Tips for Writing Exposition #1: Get to The Point

Keep to the bare necessities

Although the definition above claims that exposition is provided at the ‘beginning of a narrative’, this isn’t always true nor is it always desirable. There may be chunks of information that you wish to keep hidden from your reader or audience, at least, for the time being.

However, you will probably need to set the scene, especially if you’re writing prose. Of course, there are no rules and you may wish to go barreling in without any background, but, in most cases, you will need to offer some information (even if its only very thin) in order for your reader to get his or her bearings.

And, in fact, if you want to be vague or thin on the details, that may work to your advantage, because many writers, especially beginners, go wrong by throwing far too much information at their reader.

Ask yourself, is this detail necessary? If not, take it out. Ask yourself, is this detail necessary here? Is it something you can more casual refer to later, where it will dovetail with the rest of the narrative more effectively? If so, do it.

Set things up as quickly as possible and then get on with the action of the story. Otherwise, you’ll lose a reader’s or audience’s interest before you’ve even begun.

Tips for Writing Exposition #2: Use Camouflage

Don’t let your expository nugget or passage stand out like a sore thumb

Some instances of exposition might as well have a big neon sign flashing over them, and there is actually nothing more of a turn-off for a reader. You’re sure to have come across this yourself and noticed your attention instantly starting to wane.

The answer to the problem is a simple one. Whenever possible, ensure that your exposition is blending with the rest of the narrative. You can even manage to slip it in while no one's watching. For instance, if you have a protagonist who is a detective in the midst of a divorce, you could write:

“Frank Smith is a detective, unable to keep his mind on his job, because his wife left him two months ago and she’s just filed for divorce.”

Or you could try to weave that detail more subtly into the text.

“Frank cast his drowsy eyes around the bombsite that was his kitchen. It looked a little like a crime scene he’d been called to last June, except there was no headless corpse or blood stains on the floor. As his gaze wandered to the kitchen table, filled with dirty plates and two empty bottles of scotch, he found the brown legal envelope that had remained unopened. He knew what was in it, had been expecting it for the better part of a month. Still, he was reluctant to actually look at the piece of paper that told him his marriage was over.”
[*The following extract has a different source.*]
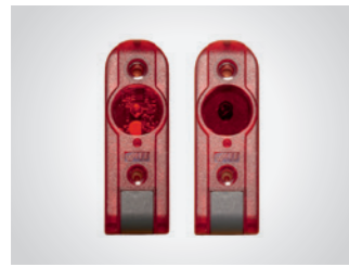
Integrierte Lichtschanke LS 2-I

2-Draht, Reichweite 8 m, für Innenbereiche
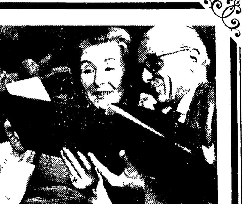
quando volersi bene significa vivere bene

Admittedly, that was a little more long-winded, but the trick here is to let tidbits of exposition creep into the reader’s mind without them being aware that it’s happening.

Tips for Writing Exposition #3: Avoid Information Overload

Don’t bombard your reader or audience

There are two very big problems with overloading your creative writing with too much exposition. First, you’ll bore your audience or reader. Second, nobody will be able to retain all of it anyway, so you’re wasting your time.

So, how do you avoid information overload?

Well, the first and most simple option is to keep ‘Tip #1’ at the forefront of your mind at all times. It also helps to shake the desire to get all of the information down in one go.

It’s not necessary for an audience to know everything about a situation or character before going in. So, allow facts and details to creep out naturally as the plot progresses.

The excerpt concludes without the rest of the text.